For this exercise, transcribe all the entries exactly as given and omit the images.

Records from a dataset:
+--

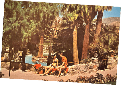 By the mid-20th century, Desert Hot Springs had established itself as a hub for wellness seekers, promising therapeutic mineral baths and dry desert air to Angelenos eager to escape city life. Two Bunch Palms quickly became a cornerstone of this scene, offering something other places couldn’t: seclusion. Guests came not to see or be seen but to disappear, retreating into the grotto’s steaming waters or the shade of its iconic palms. The resort became synonymous with anonymity, a place where the world’s demands stopped at the edge of the property.
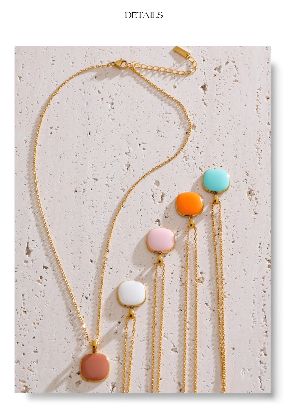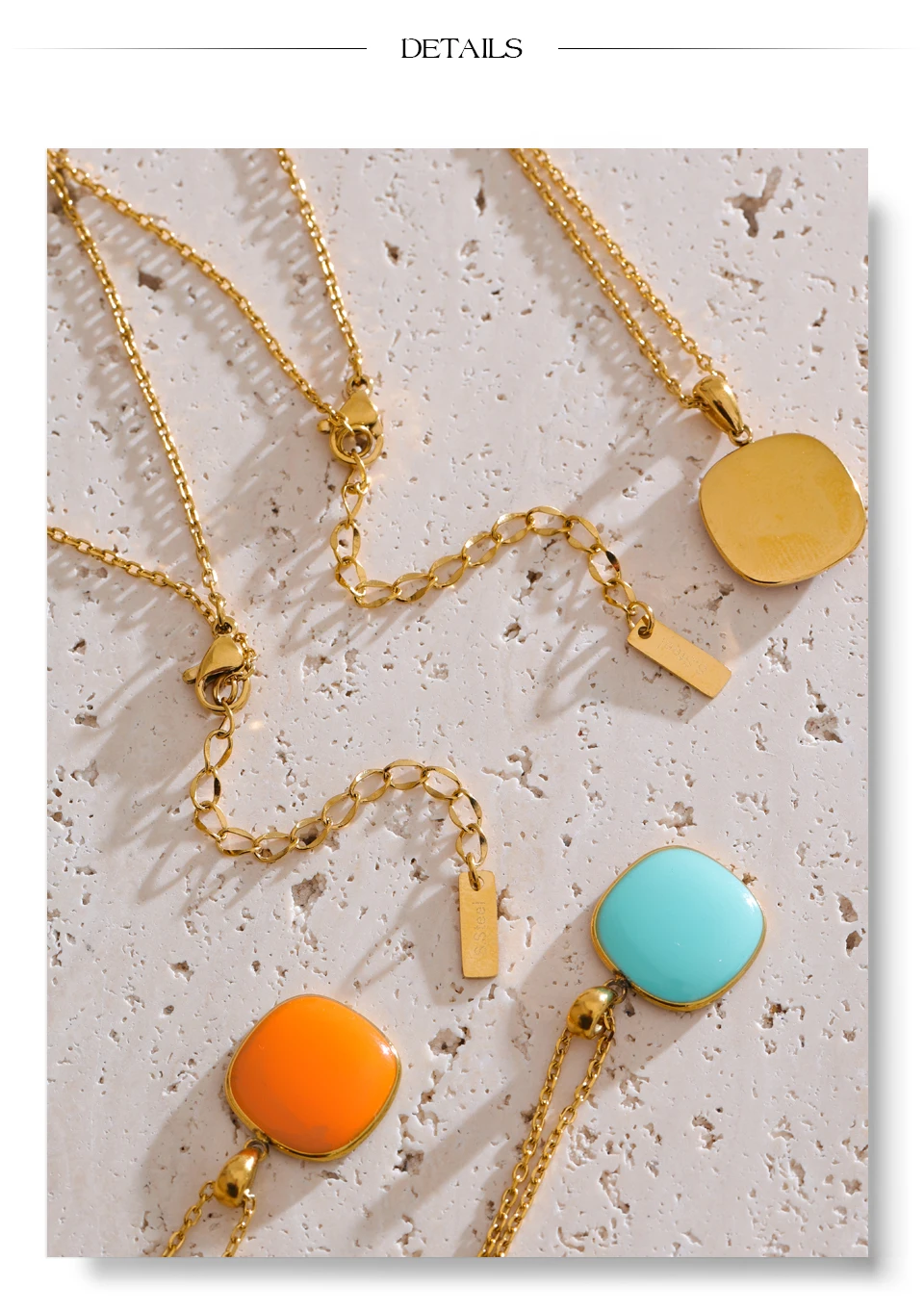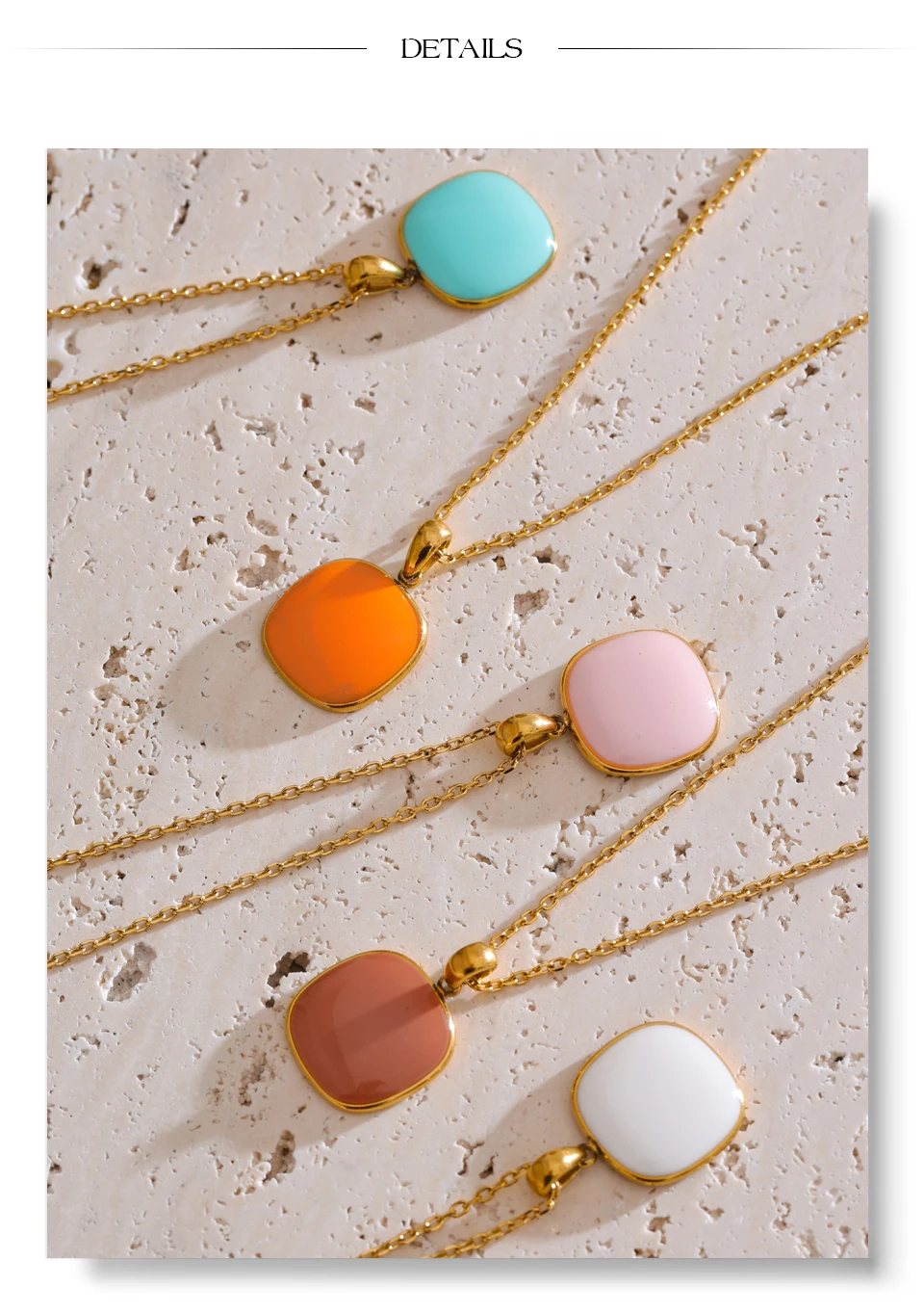 CANDY🍭 Collares con colgante cuadrado de color caramelo esmaltado de acero inoxidable / Varios colores
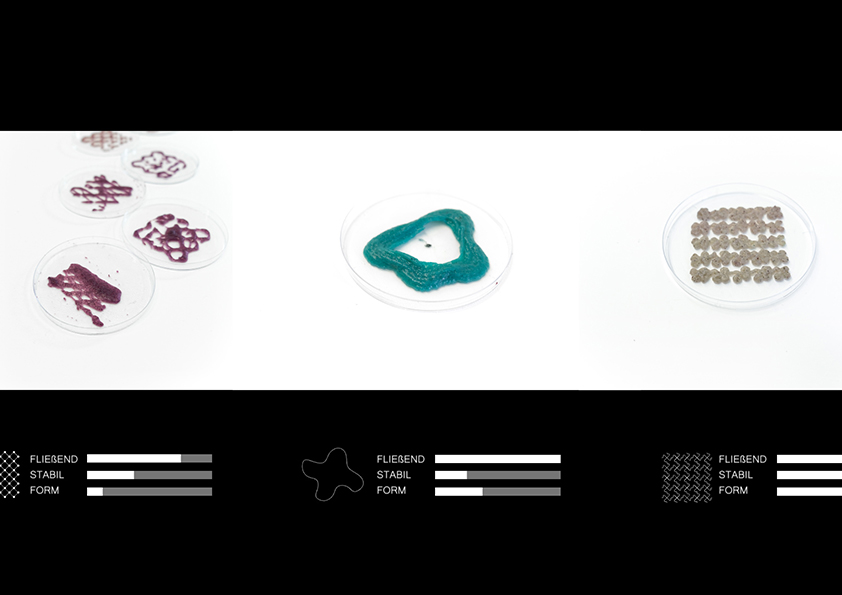 Was wäre, wenn man Bakterien auf einer ganz anderen Art und Weise - ganz nah und zugänglich beobachten könnte? Könnte eine dreidimensional gedruckte Struktur als Schaufenster für die Beobachtung der Bakterien dienen? Wie Ameisen hinter Glas könnten wir sehen wie Bakterien in ihrem optimalen Habitat weiterleben und wachsen. Würden sie uns etwas über ihre Umgebung signalisieren? Könnten wir von ihrem Verhalten lernen? In diesem Semesterprojekt, haben wir uns auf die Reise begeben Materialien in unterschiedlichster Zusammensetzung zu untersuchen, ihre Druckfähigkeit zu überprüfen und sie schlussendlich als ein Zuhause bestimmter Mikroorganismen anzubieten. A. fischerii kommt in allen Weltmeeren vor, jedoch besonders verbreitet in Symbiose mit anderen Meereslebewesen. Nur wenn sich genügend Bakterien in der nächsten Umgebung befinden, fangen sie gemeinsam an zu leuchten. Die Fähigkeit zu Leuchten ist abhängig vom Vorhandensein von Sauerstoff. Ein Enzym, die sogenannte Luciferase, wandelt erst dann den Sauerstoff in Wasser und Licht um. Diese Bedingungen wollen wir in unserer Struktur und in unserem Material erfüllen. Der 3D Druck gibt uns die gestalterische Freiheit Strukturen zu bauen, die eine Observierung der Bakterien ermöglichen. Wir können die Bakterien ebenfalls punktuell einbetten und das Wachstum an bestimmten Stellen maximieren. Hierfür mischen wir unsere Druckmasse aus festem und flüssigem Material an, um eine ideale Konsistenz zu generieren, die gleichmäßig extrudiert wird, ohne ihre Form zu verlieren. Unsere Experimentierreihe ist darauf ausgelegt ein Material zu finden, das die Anforderungen der Bakterien erfüllt und gleichzeitig druckbar ist. Das heißt feucht, transparent und formbar. Dabei ist eine gelartige Konsistenz entstanden aus Flohsamenschalen, Alginat und Agar.
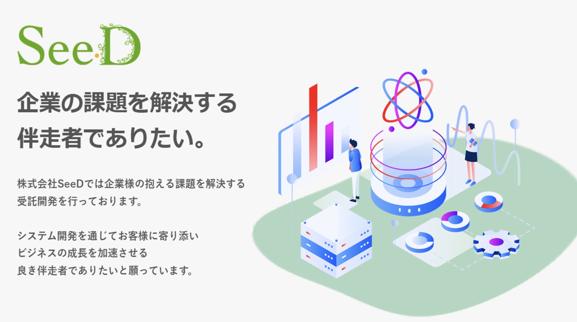 お客様が諦めかけていた機能、あるいは当初は考えてもいなかった仕組みが、当社の技術で可能になる。SeeDはシステム開発を通じてお客様に寄り添い、ビジネスの成長を加速させる良き伴走者でありたいと願っています。
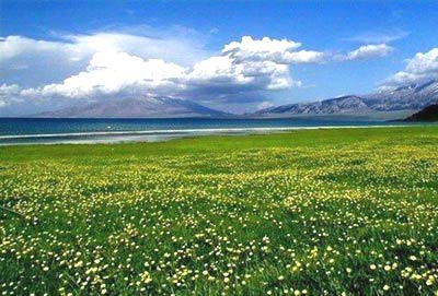 Sailimu Lake, located in Xinjiang Uygurs Autonomous Region is a fault basin at an elevation of 2,073 meters. It means "Lake on the mountain" in Mongolian language. Spring and summer are two best seasons visiting sailumu as flowers blossom.[scol.com.cn]
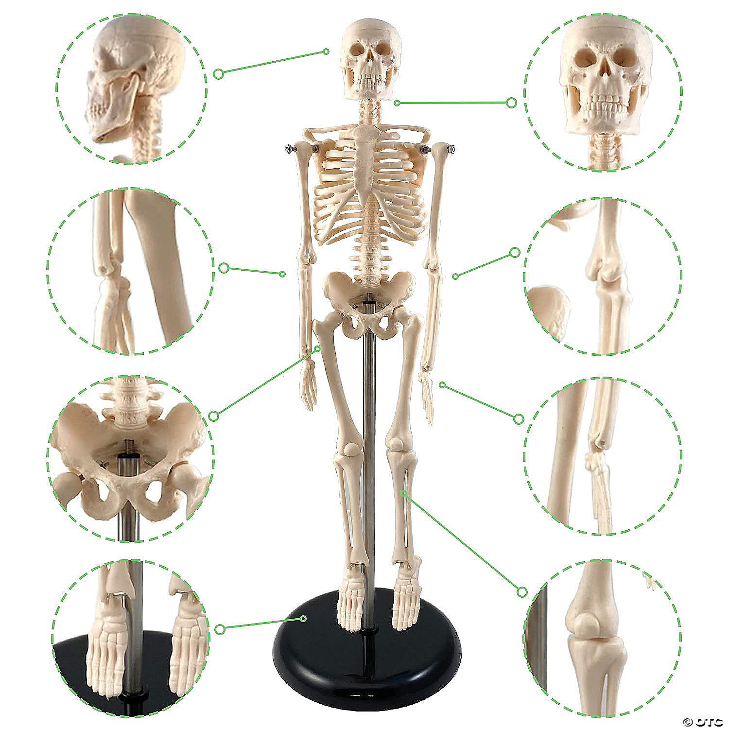 Demonstrate basic anatomical features of the human skeleton using this 17" excellent Skeleton Model. The skeleton has natural movement of the joints with the exception of fused carpals and tarsals. Constructed of rugged plastic with a heavy metal base for an extra measure of stability. Features include unbreakable ribs, stainless steel screws, brackets and springs to resist corrosion. Comes with a detailed key. Ages 7+. Special Shipping Information: This item ships separately from other items in your order. This item cannot ship to a P.O. Box. Item is not eligible for expedited shipping. You may initiate a return for unused items within 30 days, if the items are in original packaging with all original materials included with the shipment.
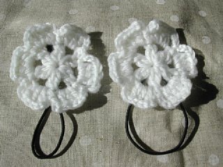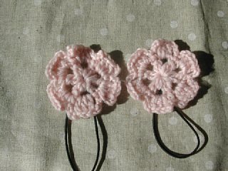 毛糸で出来ます。小さいモチーフで次女のヘアゴムを作り
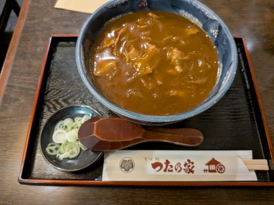 今日は父が検査入院から退院したので、茅ヶ崎の実家まで送って藤沢へ。お昼はエスタ地下の「つたの家」で、カレー蕎麦(1,200円)をいただきました(^^♪
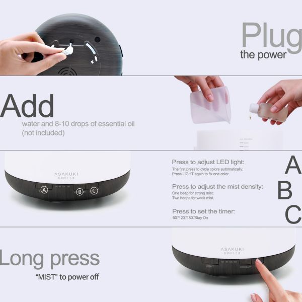 Creating a fragrant, pleasant, and healthy atmosphere in your home was never easier. All you have to do is pour 2-3 drops of your favorite essential oil in the diffuser, fill it with water and turn it on.
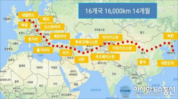 | 평화마라토너 강명구 선수가 1년 2개월 동안 달리는 유라시아대륙횡단 코스.(사진제공=조직위원회) |
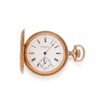 ELGIN, 14K YELLOW GOLD HUNTER CASE POCKET WATCH

+--

Task output:
 By the mid-20th century, Desert Hot Springs had established itself as a hub for wellness seekers, promising therapeutic mineral baths and dry desert air to Angelenos eager to escape city life. Two Bunch Palms quickly became a cornerstone of this scene, offering something other places couldn’t: seclusion. Guests came not to see or be seen but to disappear, retreating into the grotto’s steaming waters or the shade of its iconic palms. The resort became synonymous with anonymity, a place where the world’s demands stopped at the edge of the property.
 CANDY🍭 Collares con colgante cuadrado de color caramelo esmaltado de acero inoxidable / Varios colores
 Was wäre, wenn man Bakterien auf einer ganz anderen Art und Weise - ganz nah und zugänglich beobachten könnte? Könnte eine dreidimensional gedruckte Struktur als Schaufenster für die Beobachtung der Bakterien dienen? Wie Ameisen hinter Glas könnten wir sehen wie Bakterien in ihrem optimalen Habitat weiterleben und wachsen. Würden sie uns etwas über ihre Umgebung signalisieren? Könnten wir von ihrem Verhalten lernen? In diesem Semesterprojekt, haben wir uns auf die Reise begeben Materialien in unterschiedlichster Zusammensetzung zu untersuchen, ihre Druckfähigkeit zu überprüfen und sie schlussendlich als ein Zuhause bestimmter Mikroorganismen anzubieten. A. fischerii kommt in allen Weltmeeren vor, jedoch besonders verbreitet in Symbiose mit anderen Meereslebewesen. Nur wenn sich genügend Bakterien in der nächsten Umgebung befinden, fangen sie gemeinsam an zu leuchten. Die Fähigkeit zu Leuchten ist abhängig vom Vorhandensein von Sauerstoff. Ein Enzym, die sogenannte Luciferase, wandelt erst dann den Sauerstoff in Wasser und Licht um. Diese Bedingungen wollen wir in unserer Struktur und in unserem Material erfüllen. Der 3D Druck gibt uns die gestalterische Freiheit Strukturen zu bauen, die eine Observierung der Bakterien ermöglichen. Wir können die Bakterien ebenfalls punktuell einbetten und das Wachstum an bestimmten Stellen maximieren. Hierfür mischen wir unsere Druckmasse aus festem und flüssigem Material an, um eine ideale Konsistenz zu generieren, die gleichmäßig extrudiert wird, ohne ihre Form zu verlieren. Unsere Experimentierreihe ist darauf ausgelegt ein Material zu finden, das die Anforderungen der Bakterien erfüllt und gleichzeitig druckbar ist. Das heißt feucht, transparent und formbar. Dabei ist eine gelartige Konsistenz entstanden aus Flohsamenschalen, Alginat und Agar.
 お客様が諦めかけていた機能、あるいは当初は考えてもいなかった仕組みが、当社の技術で可能になる。SeeDはシステム開発を通じてお客様に寄り添い、ビジネスの成長を加速させる良き伴走者でありたいと願っています。
 Sailimu Lake, located in Xinjiang Uygurs Autonomous Region is a fault basin at an elevation of 2,073 meters. It means "Lake on the mountain" in Mongolian language. Spring and summer are two best seasons visiting sailumu as flowers blossom.[scol.com.cn]
 Demonstrate basic anatomical features of the human skeleton using this 17" excellent Skeleton Model. The skeleton has natural movement of the joints with the exception of fused carpals and tarsals. Constructed of rugged plastic with a heavy metal base for an extra measure of stability. Features include unbreakable ribs, stainless steel screws, brackets and springs to resist corrosion. Comes with a detailed key. Ages 7+. Special Shipping Information: This item ships separately from other items in your order. This item cannot ship to a P.O. Box. Item is not eligible for expedited shipping. You may initiate a return for unused items within 30 days, if the items are in original packaging with all original materials included with the shipment.
 毛糸で出来ます。小さいモチーフで次女のヘアゴムを作り
 今日は父が検査入院から退院したので、茅ヶ崎の実家まで送って藤沢へ。お昼はエスタ地下の「つたの家」で、カレー蕎麦(1,200円)をいただきました(^^♪
 Creating a fragrant, pleasant, and healthy atmosphere in your home was never easier. All you have to do is pour 2-3 drops of your favorite essential oil in the diffuser, fill it with water and turn it on.
 | 평화마라토너 강명구 선수가 1년 2개월 동안 달리는 유라시아대륙횡단 코스.(사진제공=조직위원회) |
 ELGIN, 14K YELLOW GOLD HUNTER CASE POCKET WATCH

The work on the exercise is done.